» STORED DATA
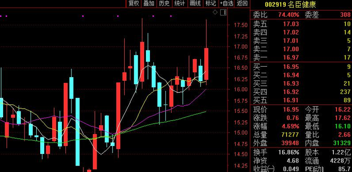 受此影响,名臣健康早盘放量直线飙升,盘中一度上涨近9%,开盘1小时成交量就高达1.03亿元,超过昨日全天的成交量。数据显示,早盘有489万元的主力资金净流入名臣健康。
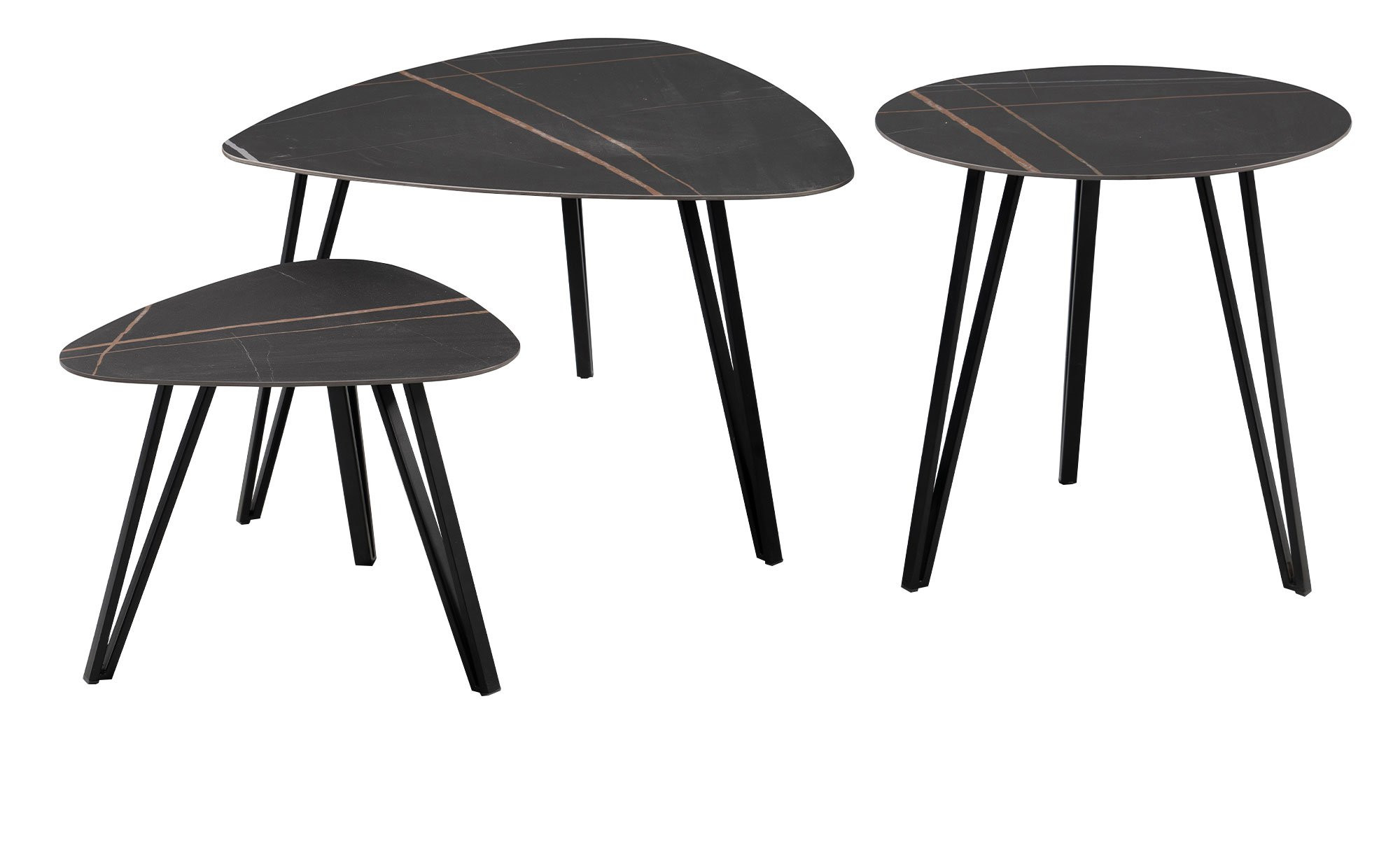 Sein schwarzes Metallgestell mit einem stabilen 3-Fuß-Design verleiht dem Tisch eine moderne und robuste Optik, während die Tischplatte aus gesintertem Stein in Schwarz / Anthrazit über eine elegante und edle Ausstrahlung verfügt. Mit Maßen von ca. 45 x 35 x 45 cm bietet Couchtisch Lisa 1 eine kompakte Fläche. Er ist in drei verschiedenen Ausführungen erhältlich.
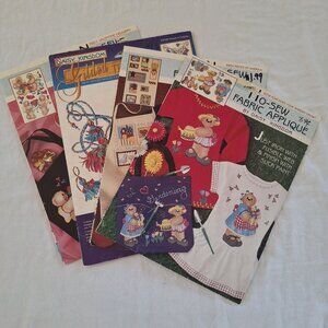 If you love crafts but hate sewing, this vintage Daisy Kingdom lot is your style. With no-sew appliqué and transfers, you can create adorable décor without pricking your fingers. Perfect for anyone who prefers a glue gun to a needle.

» WHAT THE TASK REQUIRES
All of the material above should be reproduced exactly, except the pictures.

» SOLVED EXERCISE
 受此影响,名臣健康早盘放量直线飙升,盘中一度上涨近9%,开盘1小时成交量就高达1.03亿元,超过昨日全天的成交量。数据显示,早盘有489万元的主力资金净流入名臣健康。
 Sein schwarzes Metallgestell mit einem stabilen 3-Fuß-Design verleiht dem Tisch eine moderne und robuste Optik, während die Tischplatte aus gesintertem Stein in Schwarz / Anthrazit über eine elegante und edle Ausstrahlung verfügt. Mit Maßen von ca. 45 x 35 x 45 cm bietet Couchtisch Lisa 1 eine kompakte Fläche. Er ist in drei verschiedenen Ausführungen erhältlich.
 If you love crafts but hate sewing, this vintage Daisy Kingdom lot is your style. With no-sew appliqué and transfers, you can create adorable décor without pricking your fingers. Perfect for anyone who prefers a glue gun to a needle.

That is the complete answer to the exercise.